Hendrick engine gremlins

A couple of the Hendrick Motorsports cars had issues at Auto Club Speedway in Fontana last weekend. Dale Earnhardt Jr.'s car lost a transmission and it had to be replaced before the start of the NASCAR Sprint Cup Series race. Mark Martin's car had engine troubles during the race. Neither driver finished and had to withdraw early.
As for Jeff Gordon, his car was strong. He ran up front and battled Matt Kenseth for the win before settling for second. Jimmie Johnson's car actually led from the pole, even though he qualified second, and finished ninth.
Tony Stewart and Ryan Newman, who get their engines from Hendrick for their Stewart-Haas Racing team, made it to the end of the Fontana race. Stewart actually led a few laps, and finished eighth. Newman was a couple laps down in 28th.
Johnson was asked about his team's engine troubles during qualifying for this weekend race at Las Vegas Motor Speedway.
“It appears that a batch of valve springs that got our other two cars and they literally broke on the same lap," Johnson said referring to the cars for Earnhardt Jr. and Martin. "Fortunately my car and Jeff’s car didn’t have those in them or the No. 39 (Ryan Newman) or the No. 14 (Tony Stewart) and we made it through. So it’s frustrating on that part because there is no way to x-ray valve spring and components beforehand to find impurities. Once something breaks, you can get in there and look at it and it’s pretty easy at that point for our guys to know what went on. But it’s frustrating on the front side."
Johnson added that the team tests the parts on cars as much as possible and it has no control if a bad batch of parts comes in. He said it's part of the risk of racing.
As for his car at Fontana, he said it started racing tight and he made it worse by offering some bad advice.

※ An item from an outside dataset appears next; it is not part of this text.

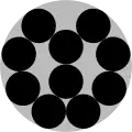 - Círculos empacados en un círculo: estrechamente relacionado con los puntos de dispersión en un círculo unitario con el objetivo de encontrar la mayor separación mínima, dn, entre puntos. Se han probado soluciones óptimas para n≤13 y n=19.
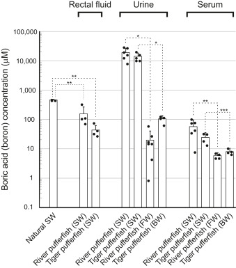 Figure 1. Urinary boric acid excretion by pufferfish in seawater (SW). Boric acid or boron concentrations of serum (n = 4–6), urine (n = 6–7), and rectal fluid (n = 4) of pufferfish acclimated to brackish water (BW), fresh water (FW), and natural SW are shown. Dots represent individual data. Bar graphs represent means ± SD. ∗p < 0.0001, ∗∗p < 0.0002, and ∗p < 0.05. |

"At the start of the race, the car was really good, but tight," Johnson said. "As we tried to help the car, we actually kept making it tighter. Looking back on it, I really felt like the splitter was on the ground. So we made adjustments to help the front travel of the car to get the splitter off the ground and it just made the car worse. Come to find out after looking at our travels afterwards, the splitter wasn’t on the ground. So I kind of steered us in the wrong direction there. I was just tight. It wasn’t the splitter dragging and making the car tight. And the adjustments we made to try to help that just hurt it even more. We kind of missed it a little bit there and tuned ourselves out, which is not common for the No. 48 car but you live and learn and we have a better idea of what to do this week.”